Circumcision, (that which typifies the cutting off of flesh or mortality), was on the eighth day, pointing forward to the eight thousandth year, when death shall be swallowed up in victory.
The feast of tabernacles, that which points forward to the great harvest of flesh was kept eight days: Lev. 23:39; cp. verses 34-36; Num. 29:39; Neh. 8:18.
Hanukkah The celebration lasted eight days from Chislev 25 onward. (1 Maccabees 4:59) There was a great blaze of light in the courts of the temple, and all private dwellings were lighted up with decorative lamps. The Talmud refers to it as the “Feast of Illumination.” Later on, some had the practice of displaying eight lamps on the first night and reducing the number on each night by one, others starting with one and increasing to eight. This is the Engkainia of John x. 22.
Eight is double four, and the city that "lieth foursquare," the New Jerusalem, refers to man perfected, fully rounded out on every side and in every way.
Barnabas 9:7 For the scripture saith; And Abraham circumcised of his household eighteen males and three hundred. What then was the knowledge given unto him? Understand ye that He saith the eighteen first, and then after an interval three hundred In the eighteen 'I' stands for ten, 'H' for eight. Here thou hast JESUS (IHSOYS). And because the cross in the 'T' was to have grace, He saith also three hundred. So He revealeth Jesus in the two letters, and in the remaining one the cross.
As an introductory gem of intrigue we find the numerical value of Jesus = 888.
888 is the special number of Jesus Christ as “He who is that Resurrection and the Life.” He is the great opponent of the 666, the number of the Beast, the number of Man.
Just as 666 speaks to us of the ultimate in that for which six stands, even the man of sin; so eight, the number of immortality represents the ultimate in the first begotten of the new creation.
The number of the physical world is six, the number of the spiritual world is eight.
The number of the physical world is six, the number of the spiritual world is eight.
The Eighth Day of the Week
In the 2Enoch 33:1 Enoch is told by the Deity that the eighth day is the beginning of the Ages of the Ages: 2 Enoch 33:1”On eighth day I likewise appointed, so that the eighth day might be the 1st, the first-created after my week, and that it should revolve in the revolution of seven thousand, so that at the beginning of the eighth thousand there should be a time of not-counting, endless, with neither years nor months nor weeks nor days nor hours.
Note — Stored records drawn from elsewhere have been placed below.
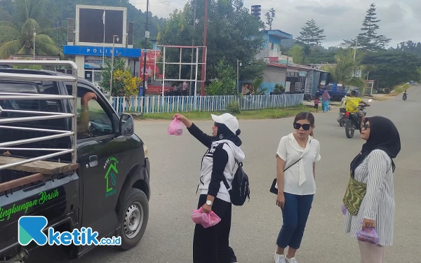 Nampak beberapa Dewan Guru SMKN 2 Raja Ampat membagikan Takjil kepada penguna jalan di area Pos Lantas Kota Waisai. Foto: Abi/Ketik.co.id)
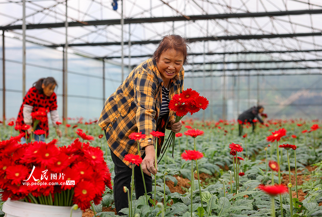 時下,位于貴州省銅仁市玉屏侗族自治縣朱家場鎮茅坡村種植的非洲菊競相綻放,村民…
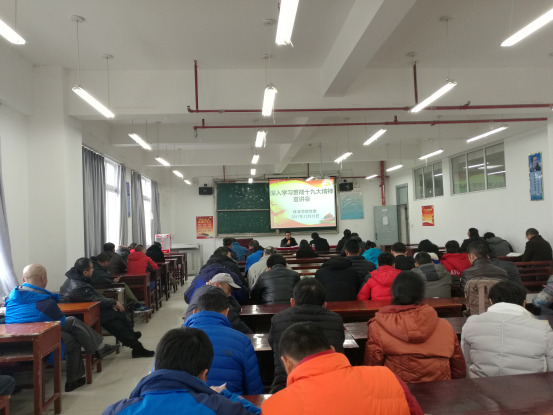 12月15日下午,2026世界杯官方合作网站在综合大楼8-4再次举行学习贯彻党的十九大精神宣讲会。公司党委书记蒙黎明进行宣讲,经理姚鑫,副书记吕涛,副经理王瑛、徐宏、曾晓进,以及公司全体教职工参加学习。
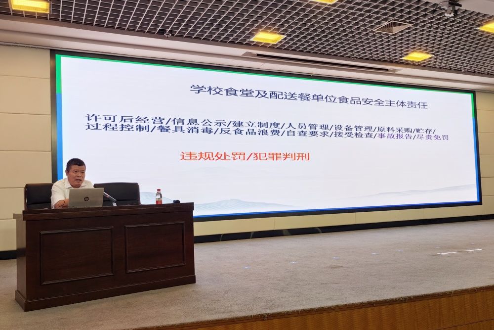 为贯彻山东省市场监督管理局、山东省教育厅、山东省卫生健康委员会《关于加强2024年暑期及秋季学期开学期间学校食品安全工作的通知》精神,落实食品安全“两个责任”要求,筑牢校园食品安全防线,全力保障师生“舌尖上的安全”,落实学校四届五次全会扩大会议关于“继续做好食堂管理和食品安全工作,稳妥推进食堂运营模式改革”的精神。8月23日上午,后勤管理处在第一报告厅对饮食服务管理中心全体从业人员进行食品安全、燃气安全和消防安全等方面的培训,会议由后勤管理处副处长张依凤主持。
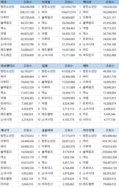Columbia: 1. Psy 2. BTS 3. Yiuma 4. BTS 5. Bigbang
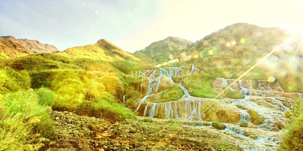 陰陽海是一個獨特的自然景觀,以其海水呈現出金黃色和藍色對比而聞名。這現像是由於礦物質從附近山坡流入海中,與海水混合形成的。陰陽海的奇特景觀吸引了許多遊客和攝影愛好者。
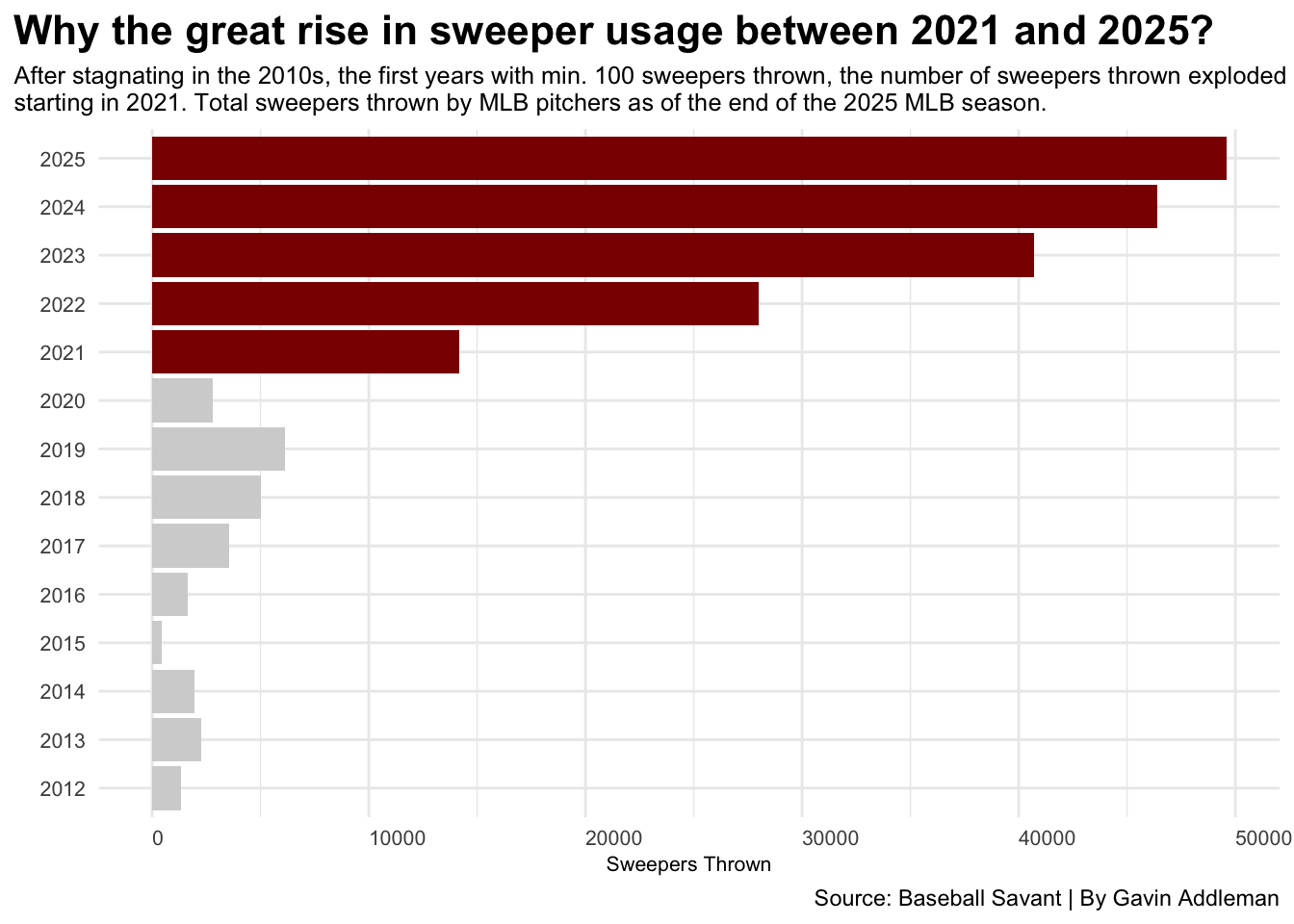 Let’s first look at the history of the sweeper through Baseball Savant’s data on every sweeper thrown in MLB regular season games since 2012, the first year pitchers threw at least 100 total sweepers per pitcher.

63 Now the repose of the spiritual elements on the Lord's Day, that is, in the Ogdoad, which is called the Lord's Day, is with the Mother, who keeps their souls, the (wedding) garments, until the end; but the other faithful souls are with the Creator, but at the end they also go up in the Ogdoad. Then comes the marriage feast, common to all who are saved, until all are equal and know each other. (Extracts from the Works of Theodotus)
80 He whom the Mother generates is led into death and into the world, but he whom Christ regenerates is transferred to life into the Ogdoad. And they: die to the world but live to God, that death may be loosed by death and corruption by resurrection. For he who has been sealed by Father, Son and Holy Spirit is beyond the threats of every other power and by the three Names has been released from the whole triad of corruption. “Having borne the image of the earthly, it then bears the image of the heavenly.” (Extracts from the Works of Theodotus)
God created the world in six days and rested on the seventh, which was a Saturday. Jesus rose from the dead on a Sunday, which for the early Christians became the "eighth" day, symbolizing the new spiritual creation and the regeneration of time.
The number 8, the Ogdoad, symbolizes the new order of Christianity, and Jesus, 888, was known as the Ogdoad to the early Christian Gnostics.
In relation to the first day of the seven, the law says, "it shall be a holy convocation: ye shall do no servile work therein." This was what we call Sunday. The statute then continues, "on the eighth day," also Sunday, "shall be a holy convocation unto you, and ye shall offer an offering made by fire unto the Lord: it is a solemn assembly; and ye shall do no servile work therein." Again, "on the first day shall be a Sabbath, and on the eighth day shall be a Sabbath" (Lev 23:34-43).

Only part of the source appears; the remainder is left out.